A more consistent definition of tetration of tetration for rational exponents

[bo198214]

I have examined with interest the "details" shown in the UVIR's posting. Unfortunately, I cannot agree with putting:
b # n = y => b = y # (1/n).

There has already been at least one peer reviewed paper on this definition of tetraroots, so whether you "agree" or not is irrelevant.

The tetra root is defined as the inverse of the x#n but it has nothing to do with x#(1/n).

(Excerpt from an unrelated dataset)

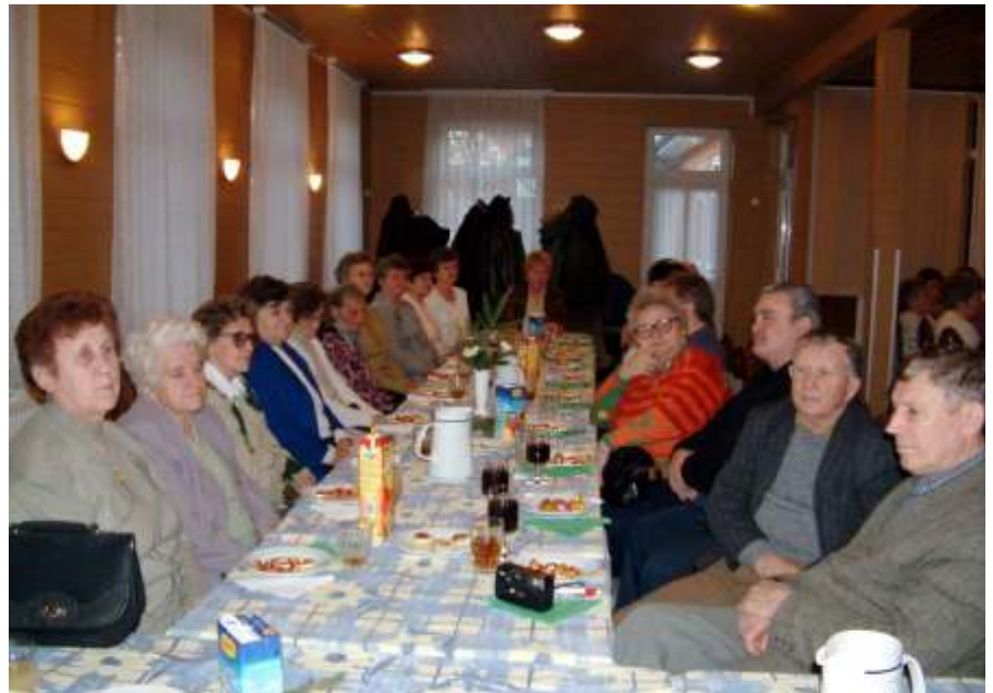
A nyugdíjas klub karácsonyi délutánján

Moreover, I think that these two "tetration" formulas don't have any point in common. Their sets are disjoint. There is no similarity with the "exponentiation" case, where the power and the root functions are described in the same domain and we can find a root function representable as a power. I know but, unfortunately, ... this is the real problem.

I absolutely agree with Gianfranco.
The reason why \( x^{1/n} \) and \( \sqrt[n]{x} \) coincide is that \( (x^a)^b=x^{ab} \). If we demand this law to be valid also for rational exponents then \( (x^{1/n})^n = x^{n/n}=x^1=x \) and thatswhy \( x^{1/n} \) must be the inverse of \( x^n \). Unfortunately \( {}^a({}^b x)={}^{ab}x \) is no more valid.

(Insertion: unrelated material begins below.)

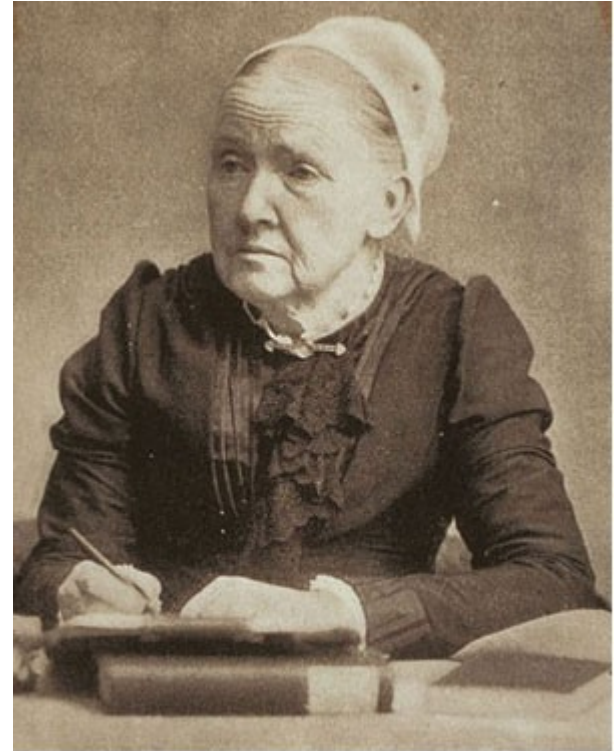
Portrait of Julia Ward Howe, ca. 1898. From the Julia Ward Howe Papers, 1857-1961. Schlesinger Library, Radcliffe Institute.

The tetraroot is the exact reverse operation of tetration, since

Nobody denies that the tetraroot is the inverse of \( {}^nx \) (by definition) however to define \( {}^{1/n}x \) as being the tetraroot is quite arbitrary and additionally does not coincide with our other methods. As far as I have seen the 3 definitions of \( {}^y x \) (via Daniel's continuous iteration at the first fixed point, via Gottfried's matrixoperator method and via Andrew's natural slog) coincide for \( 1<x<e^{1/e} \). As an example I graphed \( {}^{1/2}x \) (via the method of continuous iteration at the first fixed point) (red) in comparison with the inverse of \( {}^{2}x \) (blue):

   
Curve 1 is \( {}^{1/2}x \)
Curve 2 is the identity function.
Curve 3 is \( {}^2x \) and
Curve 4 is the inverse of \( {}^2x \) (2nd superroot)

\(
lim_{n\rightarrow \infty}{^{1/n}}e=y\Leftrightarrow\\
e=lim_{n\rightarrow \infty}{^n} y\Leftrightarrow\\
y=e^{1/e}
\)

Sorry Ioannis, but this rather proves that it is the wrong definition. As \( {}^xe \) should be a function continuous in \( x \) it must
\( \lim_{n\to\infty}{}^{1/n}e={}^0e=1\neq e^{1/e} \)